Values, Urban And Rural

Dear Friends,

It seems to me, a thing urban people don’t understand, is the relationship rural people have with guns. How could they? Having a completely different background. Rural people grow up with guns, chain saws and tractors. They’re simply part of rural life. Urban people, on the other hand, have no experience with a chain saw and so are afraid of them. Tractors are fire spewing monstrous beasts to someone who’s only seen one in a magazine. While the mere sight of a gun literally makes an urban person’s blood run cold. Not all, some go to shooting ranges, and so have a cursory understanding of guns. Not like a rural person though. To someone who grows up with guns, they’re no different than a tractor, chain saw, cheater bar, rototiller, or knife… it’s a tool.

I met a woman at an ATM several decades ago. There had recently been a school shooting, and the woman behind me said, how awful it was that the teenager had access to guns. I smiled and told her I grew up with a gun in my closet, with bullets for it on the shelf above. I had used it my entire life. What was odd though… is that, while I had fights in school and suffered teenage angst, not once did it ever occur to me to bring that gun to school and shoot anyone. Color drained from her face and she took a step back from me. Horror and shock mixed with alarm at being so close to a potential killer. I laughed, because from her accent I could tell she was from an urban area of Massachusetts, while I grew up in a rural area in northernmost Appalachia.

While rural people are familiar with guns, as tools, urban people are familiar with crowds. Which admittedly, I am not. I would rather be in an open carry bar, with a few people I know, than be in a disarmed crowd of people I don’t. Given my druthers though… I would be in the woods alone with my dogs. Traffic is another thing that vexes me and I’m sure most rural people as well. While a city person is comfortable in mind numbing traffic, but isn’t on a winding abandoned dirt road, in the middle of the night. You get used to what you get used to. We’re most comfortable surrounded by what we grew up with. Which isn’t a weakness, it’s a strength. Because, society needs city and rural people, along with our varying attitudes and preferences.
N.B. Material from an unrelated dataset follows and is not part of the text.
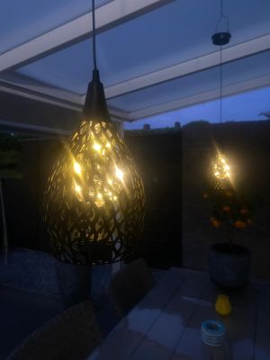 Hangen onder de overkapping boven de tafel en we zijn er heel tevreden mee

There’s a place for the urban person’s fears and bravery as well as for the rural person’s fears and bravery. When both are given courteous respect, both contribute to the greater whole. A society can be considered the alloy of all the people, or more aptly, a society is a complex system. Each part contributes to the emergent phenomenon that’s called society. As long as there’s an underlying societal myth, binding the people to a unit, diversity is a strength. Since complex systems become robust by it. With freedom of travel and living such a society can self separate. Those who prefer the city life can move to the city and those who prefer rural life can live in the rural areas. Each to their preference and all benefited by it. As long as people stay in their lane and don’t become arrogant.

If rural people imposed rural values and standards on cities, the speed limit on residential streets would be 75 miles an hour, burn barrels would be common, and every backyard would have a shooting range. While rural people have the common sense and humility, to know better than to impose rural values on city people, sadly, city people don’t seem to have that level of humility. What’s good for the city is good for the country is their mantra. Proven by their actions. Since national governments are necessarily run by urban people, rural people have urban values imposed on us. Ideas that are every bit as stupid as a 75 mile an hour speed limit on an urban street. Like gun control. Because what makes sense on a city street doesn’t in a forest or farm. But it takes the wisdom a forest bestows to understand it.